ACA Measurement Methods Are Critical for Avoiding IRS Penalties

3 minute read
by Robert Sheen

If you or someone you know has been hit with IRS Letter 226J, you know that it is no laughing matter. The IRS is currently issuing these ACA penalty assessments to employers identified as having failed to comply with the ACA’s Employer Mandate for the 2020 tax year.

Under the ACA’s Employer Mandate, Applicable Large Employers (ALEs), or employers with 50 or more full-time employees and full-time equivalent employees. ALEs must:

  • Offer Minimum Essential Coverage (MEC) to at least 95% of their full-time workforce (and their dependents) whereby such coverage meets Minimum Value (MV)
  • Ensure that the coverage for the full-time employee is affordable based on one of the IRS-approved methods for calculating affordability

Failure to adhere to these two requirements could subject your organization to Internal Revenue Code (IRC) Section 4980H penalties via Letter 226J.

But sometimes it’s difficult to identify which employees require an offer of coverage. Implementing one of the applicable ACA measurement methods is one of the most important ways to determine this.

The IRS provides employers with two different methods for determining if an ACA full-time status for employees: the Look-Back Measurement Method and the Monthly Measurement Method.

The first step in determining which measurement method is best for your organization is to evaluate the nature of your workforce. Organizations made up primarily of variable-hour employees, should implement the Look-Back Measurement Method. If your workforce has mostly full-time employees, the Monthly Measurement Method may be most effective.
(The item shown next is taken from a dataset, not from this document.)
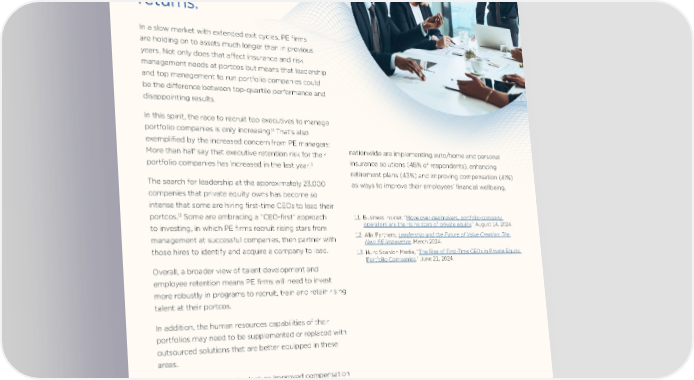 Leadership Management at portcos will remain essential to sustain returns. In a slow market with extended exit cycles, PE firms are holding on to assets much longer than in previous years. Not only does that affect insurance and risk management needs at portcos but means that leadership and top management to run portfolio companies could be the difference between top-quartile performance and disappointing results. In this spirit, the race to recruit top executives to manage 11 That’s also portfolio companies is only increasing. exemplified by the increased concern from PE managers: More than half say that executive retention risk for their nationwide are implementing auto/home and personal 12 insurance solutions (48% of respondents), enhancing portfolio companies has increased in the last year. retirement plans (43%) and improving compensation (41%) The search for leadership at the approximately 23,000 as ways to improve their employees’ financial wellbeing. companies that private equity owns has become so intense that some are hiring first-time CEOs to lead their 13 11. Business Insider, “Move over dealmakers, portfolio-company portcos. Some are embracing a “CEO-first” approach to investing, in which PE firms recruit rising stars from operators are the rising stars of private equity,” August 14, 2024. management at successful companies, then partner with 12. Alix Partners, Leadership and the Future of Value Creation: The New PE Imperative, March 2024. those hires to identify and acquire a company to lead. 13. Hunt Scanlon Media, “The Rise of First-Time CEOs in Private Equity Portfolio Companies,” June 21, 2024. Overall, a broader view of talent development and employee retention means PE firms will need to invest more robustly in programs to recruit, train and retain rising talent at their portcos. In addition, the human resources capabilities of their portfolios may need to be supplemented or replaced with outsourced solutions that are better equipped in these areas. PE management can also look to improved compensation and inventive benefits strategies to keep lower-level employees engaged at their portfolio companies. For instance, according to the HUB survey, companies 66

The Look-Back Measurement Method

The Look-Back Measurement Method typically works best for workforces that have a significant number of part-time employees.

With the Look-Back Measurement Method, employers can monitor and track their employees’ hours of service to determine if they are full-time or not under the ACA. This method allows employers to accurately determine if and when an employee requires an offer of health coverage. The Look-Back Measurement Method consists of three parts:

  • The measurement period
  • The administrative period
  • The stability period

Each employee’s hours are tracked and averaged over the measurement period, which can be as short as three months to as long as 12 months. The longer the measurement period, the better it provides a more accurate representation of each employee’s status.

Following the measurement period, an optional administration period may be applied. Although there is a maximum allowable administration period of 90 days, as a practical matter, employers typically choose between 30 to 60 days. This administrative period is typically used for gathering and collecting all the paperwork necessary to ensure that an offer is made on time.

After the optional administration period comes the stability period. The beginning of the stability period should align with the beginning of the offered coverage effective date. The stability period is the period in which the treatment of the employee’s classification is either full-time or not full-time as determined by the results of the preceding measurement period. 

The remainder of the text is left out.